"A Room of One's Own"

   I love these words. I have loved them since I first heard them. It is the title of a series of lectures given by Virginia Woolf in 1928 on women and fiction and later published as a book under the same title. In the opening lines Virginia Woolf states, "A woman must have money and a room of her own if she is to write fiction." As a painter I have had many "rooms/studios" of my own both large and small.
  When I began to paint it was my bedroom in my parents home. When I was first married it was a little building off the back of the tiny one bedroom house we rented. One end of the interior of the little building was just wide enough for a work sink and a washing machine and at the other end of the room my oversized wooden drafting table filled the space from wall to wall.
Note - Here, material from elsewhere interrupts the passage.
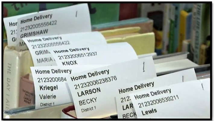 “Then, two or three of us deliver to 25 to 55 households each, often with multiple bags or boxes for a single household, while back at the library, two or three of us pull more on-hold items from as many as 19 double-sided pages for the next day’s deliveries.”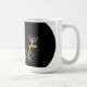 This design features a brown mouse giving a grey kitten a wrapped gift. A menorah with candles is glowing in the dark. The kitten is laying on a pillow. The year 2014 is printed on the top of this design. These mugs are available in assorted styles, colors and sizes.

In the few feet of space left in the middle stood my easel along with 2 bikes and some storage boxes.
  The little building set the standard and with each successive move my first thought when looking at a living space has been, "Is there space here for my studio?" Now this seems a simple question and as the years have progressed I have found many "rooms of my own", sometimes creative thinking was employed...a bedroom becomes a studio/a living room becomes a bedroom. Garages were an easy solution and many a year was spent and art created in garage studios and several times I have rented studios away from my home.
  My current studio is my fourth rented studio and is on the fifth floor of an old storage building built in the 1920's/30's. I am surrounded by wood workers with buzzing saws...furniture refinishers with sanders whining... a bicycle repair shop with an air compressor that fills itself hourly...a huge freight elevator across from my space that rumbles and squawks every time someone uses it... and yet, amidst all this chaotic noise, I have a space of my own, to paint in...dream in...write in...and be me in.